| WHAT IS BEING ASKED |
Aside from the pictures, copy the listing exactly.
··· GIVEN INFORMATION ···
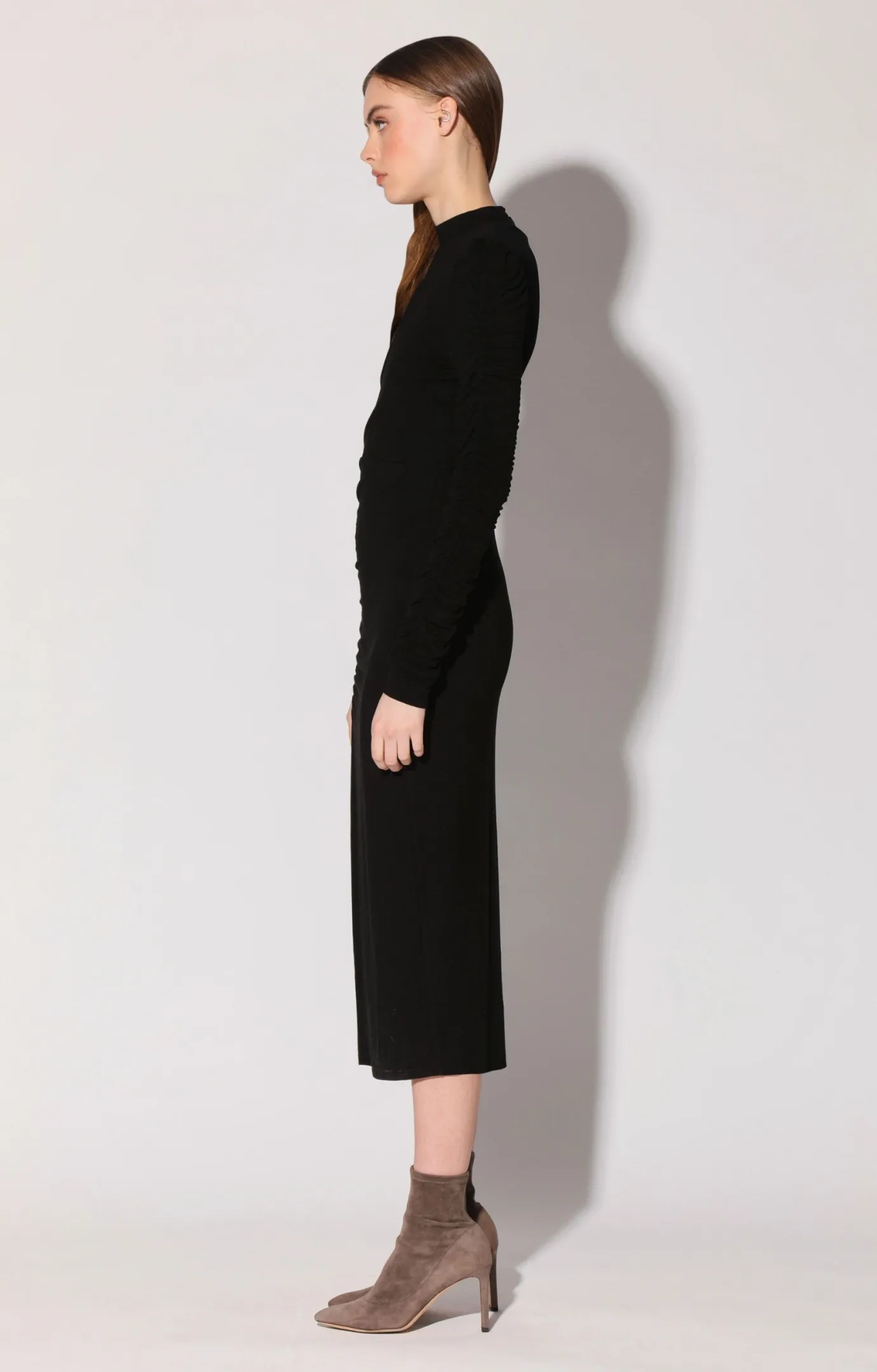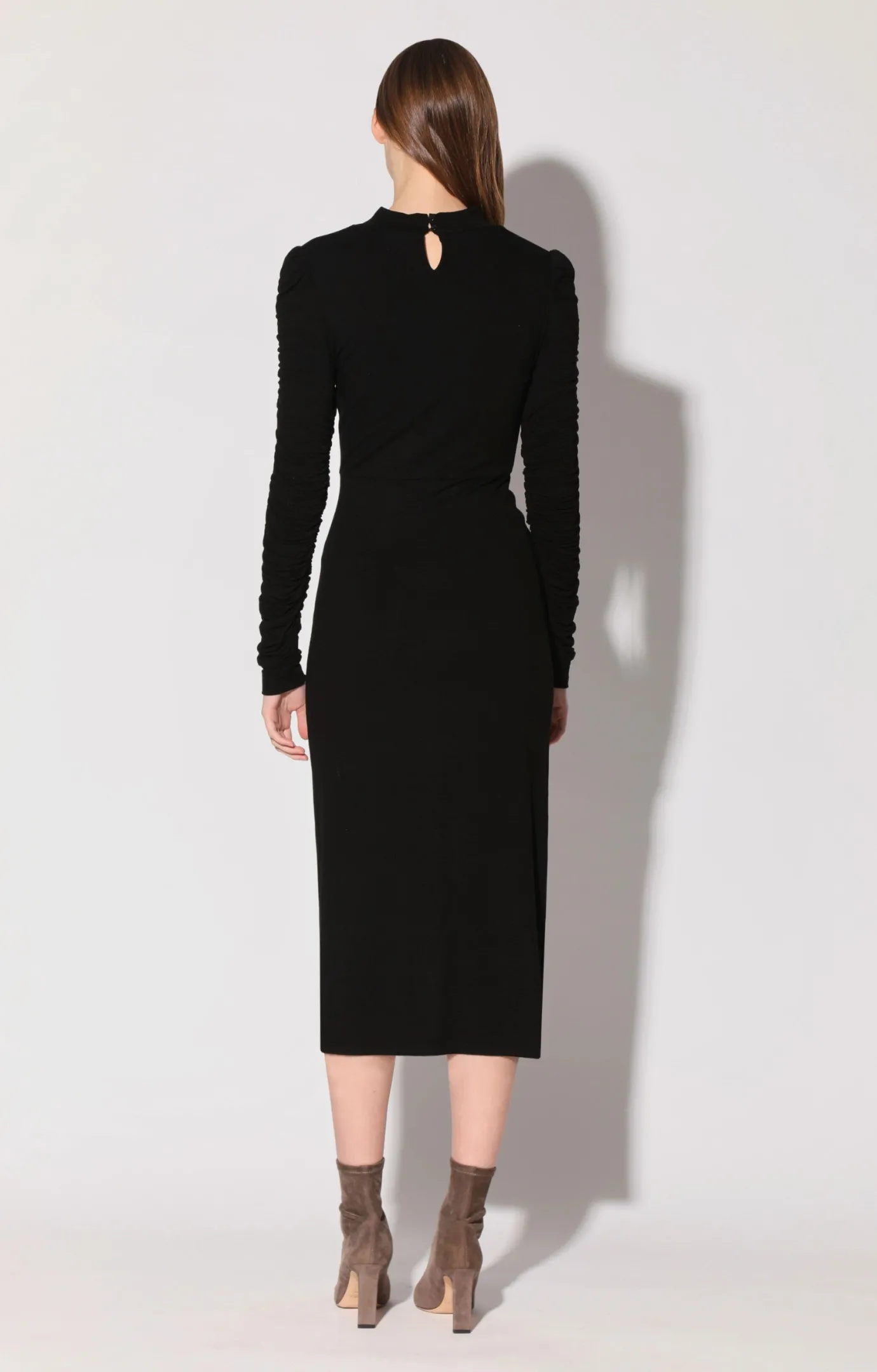 Sophisticated and sultry, the Connie Dress has an elegant mock neck and front slit detail.. In our drapey knit fabric, it makes getting ready and looking fabuloius quick and effortless
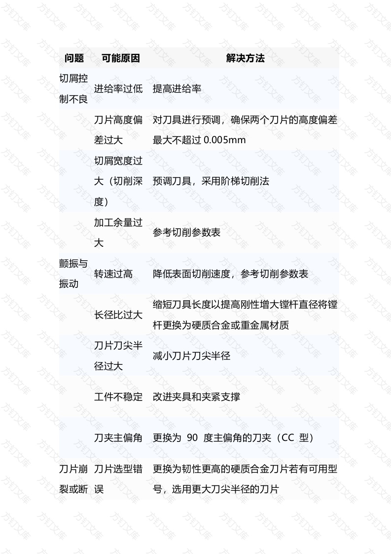 问题可能原因解决方法切屑控进给率过低提高进给率制不良刀片高度偏对刀具进行预调,确保两个刀片的高度偏差差过大最大不超过0.005mm切屑宽度过大(切削深预调刀具,采用阶梯切削法度加工余量过参考切削参数表大颤振与转速过高降低表面切削速度,参考切削参数表方振动缩短刀具长度以提高刚性增大镗杆直径将镗长径比过大杆更换为硬质合金或重金属材质刀片刀尖半减小刀片刀尖半径径过大文工件不稳定改进夹具和夹紧支撑刀夹主偏角更换为90度主偏角的刀夹(CC型)刀片崩刀片选型错更换为韧性更高的硬质合金刀片若有可用型裂或断误号,选用更大刀尖半径的刀片问题可能原因解决方法切削中断剧提高转速,降低进给率烈切屑堆积并检查镗杆与孔径的间隙改进切屑控制,提高二次切削进给率刀具寿刀片选型错更换为耐磨性更高的刀片牌号命过短误方切削速度过降低转速刀片崩裂检查加工余量和进给率方冷却液压力提高通过刀具的冷却液压力若设备允许,调过低整刀头的冷却液喷口切屑无镗杆直径过更换为更小直径的刀头,并搭配延伸范围刀法排出大夹加工余量过重新预调刀具,采用阶梯切削法大孔下方空间将工件从工作台上进一步垫高不足切屑控制不参考上述“切屑控制不良”问题的解决方法良文问题可能原因解决方法机床动进给率过高降低进给率(最低为刀片半径的25%)力不足加工余量过重新预调刀具,采用阶梯切削法大若转速处于主轴扭矩较低区间,需提高转速机床扭矩过若转速处于换挡区间,需调整转速更换为更低大前角的刀片减小切削深度出口毛进给率过高降低进给率刺过大使用CC型改用带6度主偏角的方形刀片刀夹刀夹切削力过高减小切削深度减小刀片刀尖半径方方方方方万方万万
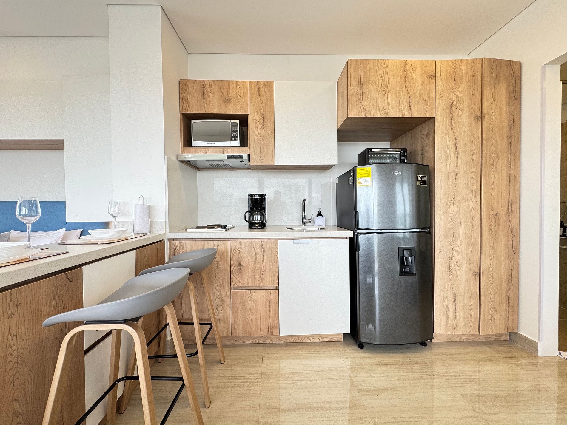 • Barra tipo desayunador con sillas altas
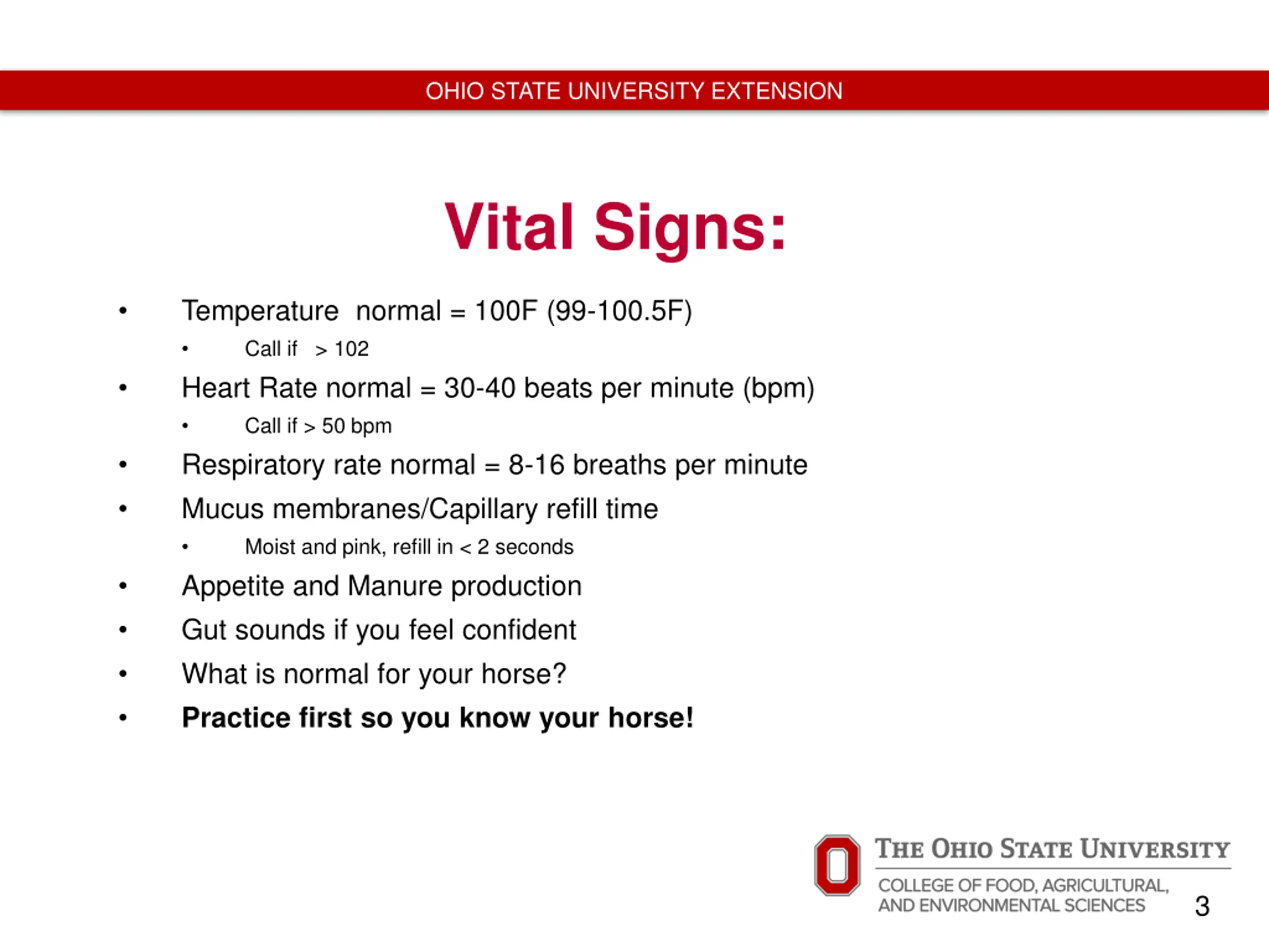 OHIO STATE UNIVERSITY EXTENSION Vital Signs: Temperature normal = 100F (99-100.5F) Call if > 102 Heart Rate normal = 30-40 beats per minute (bpm) Call if > 50 bpm Respiratory rate normal = 8-16 breaths per minute Mucus membranes/Capillary refill time Moist and pink, refill in < 2 seconds Appetite and Manure production Gut sounds if you feel confident What is normal for your horse? Practice first so you know your horse! 3
···
| YOUR RESPONSE |
 Sophisticated and sultry, the Connie Dress has an elegant mock neck and front slit detail.. In our drapey knit fabric, it makes getting ready and looking fabuloius quick and effortless
 问题可能原因解决方法切屑控进给率过低提高进给率制不良刀片高度偏对刀具进行预调,确保两个刀片的高度偏差差过大最大不超过0.005mm切屑宽度过大(切削深预调刀具,采用阶梯切削法度加工余量过参考切削参数表大颤振与转速过高降低表面切削速度,参考切削参数表方振动缩短刀具长度以提高刚性增大镗杆直径将镗长径比过大杆更换为硬质合金或重金属材质刀片刀尖半减小刀片刀尖半径径过大文工件不稳定改进夹具和夹紧支撑刀夹主偏角更换为90度主偏角的刀夹(CC型)刀片崩刀片选型错更换为韧性更高的硬质合金刀片若有可用型裂或断误号,选用更大刀尖半径的刀片问题可能原因解决方法切削中断剧提高转速,降低进给率烈切屑堆积并检查镗杆与孔径的间隙改进切屑控制,提高二次切削进给率刀具寿刀片选型错更换为耐磨性更高的刀片牌号命过短误方切削速度过降低转速刀片崩裂检查加工余量和进给率方冷却液压力提高通过刀具的冷却液压力若设备允许,调过低整刀头的冷却液喷口切屑无镗杆直径过更换为更小直径的刀头,并搭配延伸范围刀法排出大夹加工余量过重新预调刀具,采用阶梯切削法大孔下方空间将工件从工作台上进一步垫高不足切屑控制不参考上述“切屑控制不良”问题的解决方法良文问题可能原因解决方法机床动进给率过高降低进给率(最低为刀片半径的25%)力不足加工余量过重新预调刀具,采用阶梯切削法大若转速处于主轴扭矩较低区间,需提高转速机床扭矩过若转速处于换挡区间,需调整转速更换为更低大前角的刀片减小切削深度出口毛进给率过高降低进给率刺过大使用CC型改用带6度主偏角的方形刀片刀夹刀夹切削力过高减小切削深度减小刀片刀尖半径方方方方方万方万万
 • Barra tipo desayunador con sillas altas
 OHIO STATE UNIVERSITY EXTENSION Vital Signs: Temperature normal = 100F (99-100.5F) Call if > 102 Heart Rate normal = 30-40 beats per minute (bpm) Call if > 50 bpm Respiratory rate normal = 8-16 breaths per minute Mucus membranes/Capillary refill time Moist and pink, refill in < 2 seconds Appetite and Manure production Gut sounds if you feel confident What is normal for your horse? Practice first so you know your horse! 3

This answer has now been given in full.